А.Ш. Может быть, хотя есть и многое нас разделяющее, — что есть у Малера и чего почти нет у меня. Например, все эти гениальные как бы народные песни — Песни странствующего подмастерья, Волшебный рог мальчика. Я могу только плакать, что мне этого не дано.
— А как бы ты свой возраст определил? Видишь ли ты себя молодым?
А.Ш. Лучше себя не определять, — говоря о себе, тут же наносишь вред.
— У тебя есть сочинение, написанное по эскизам юношеского Фортепианного квартета Малера.
А.Ш. Да, оно для такого же состава, как и у Малера. Но тема Малера появляется в самом конце. Появляется и останавливается. И тема — точно такая же, как и у Малера, — незаконченная. Она будет проясняться на ходу.
— А Малер написал только одну часть?
А.Ш. Он написал только первую часть целиком. А от второй части — лишь несколько тактов. Но тема совершенно гениальная. Это Малер, который узнается с первого такта, а ведь написано в шестнадцать лет! И ни на что не похоже. Модуляция из соль минора в ля мажор, а потом в ля минор — настолько нестандартно! Первую часть, написанную Малером, я вообще не трогал, да она мне и меньше нравится.
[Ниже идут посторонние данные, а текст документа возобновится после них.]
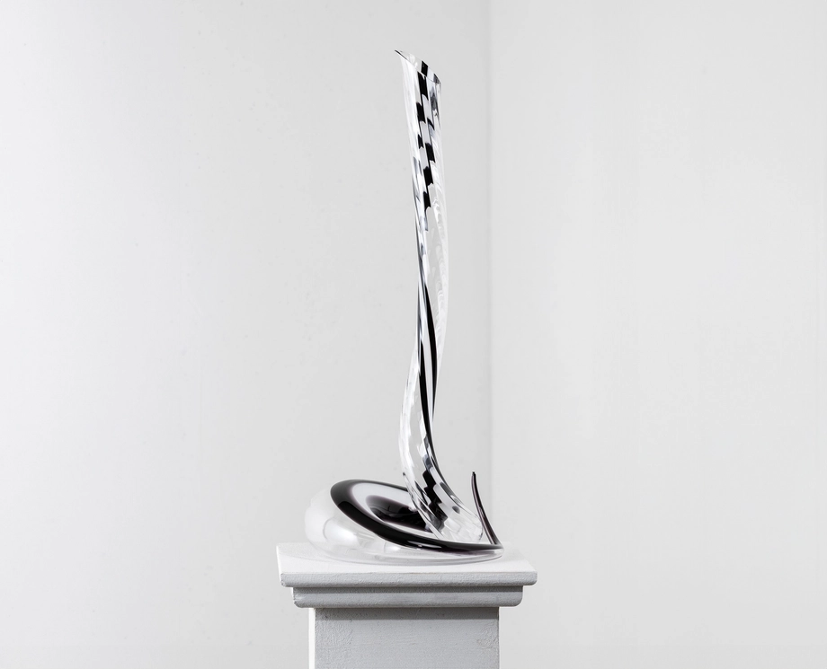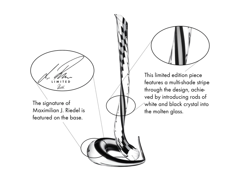 יצירה במהדורה מוגבלת זו מציגה פס בצבעים מרובים לאורך העיצוב, המושג על ידי הכנסת מוטות קריסטל שחורים ולבנים לזכוכית הנוזלית לפני עיצוב הדקנטר.
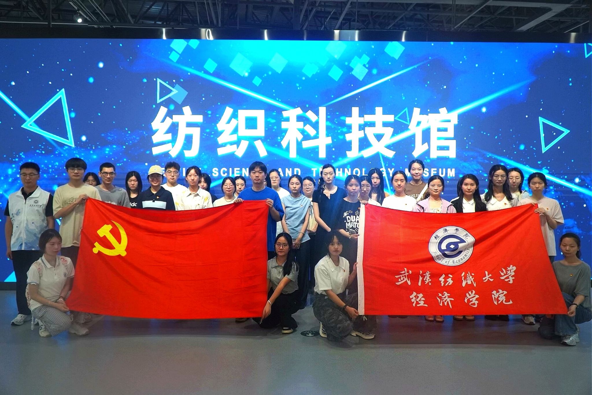 随后,支部全体党员有序步入纺织科技馆。馆内陈列的丰富纺织历史文物、现代化的纺织设备和前沿的纺织技术成果,让党员们深感震撼。通过参观纺织缘、传统纺织、现代纺织、大纺织、超纺织、未来纺织等分区,党员们切身实地感受到纺织产业的深厚底蕴,以及学校在学术科研、人才培养、产学融合等方面取得的成就。从“历史的照片”到“鲜艳的红旗”;从新石器时代的古老骨针,到现代航天服的高科技内衬织物,一件件展品讲述着纺织产业的历史故事,串联起纺织的印记,鼓舞同学们不断提升专业素养和综合能力,坚定理想信念,接续传承“自强不息,经天纬地”的纺大精神。

— Кроме того, это сочинение в оркестровой версии стало второй частью Четвертого concerto grosso/Пятой симфонии. Ты рассматриваешь ее как медленную часть симфонии?
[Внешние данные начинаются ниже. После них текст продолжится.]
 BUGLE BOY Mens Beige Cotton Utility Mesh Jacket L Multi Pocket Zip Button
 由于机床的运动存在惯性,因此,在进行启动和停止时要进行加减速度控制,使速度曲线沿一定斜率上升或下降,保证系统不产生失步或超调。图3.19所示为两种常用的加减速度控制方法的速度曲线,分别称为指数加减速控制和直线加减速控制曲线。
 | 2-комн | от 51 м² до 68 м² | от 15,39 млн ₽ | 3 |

А.Ш. Нет, это скорее скерцо-колыбельная.
— А почему вдруг возникла идея написать сочинение с двойным названием Concerto grosso/Симфония?
А.Ш. Я все время почему-то возвращаюсь к этим двум формам. Они для меня — и нечто схематическое, но, с другой стороны — и проявление каких-то железных закономерностей. Это не каприз каждый раз, но реальные обстоятельства внутреннего мира.
— Не проявляется ли в обращении к жанру concerto grosso твое стремление всегда иметь два разных плана в музыке — как бы план индивидуальности и план (фон) толпы?
А.Ш. В каком-то смысле ты прав. Я скорее представляю себе область искусственной культуры. Когда я слушаю фонограммы, записи с концертов, я чувствую дыхание зала — этих тысяч, которые слушают. Во всей атмосфере концертного зала я вижу какой-то гигантский музей, в котором сидят десятки тысяч людей. Но это — уже не сегодняшняя реальность.
Другая сфера, которая для меня важна, — это сфера внутреннего мира. То, что говорят нервы, сознание, подсознание. Не только то, что словами описывается, но и то, что можно ассоциативно о музыке сказать или даже подумать. Таким образом, две сферы: внешняя музейная — и внутренняя.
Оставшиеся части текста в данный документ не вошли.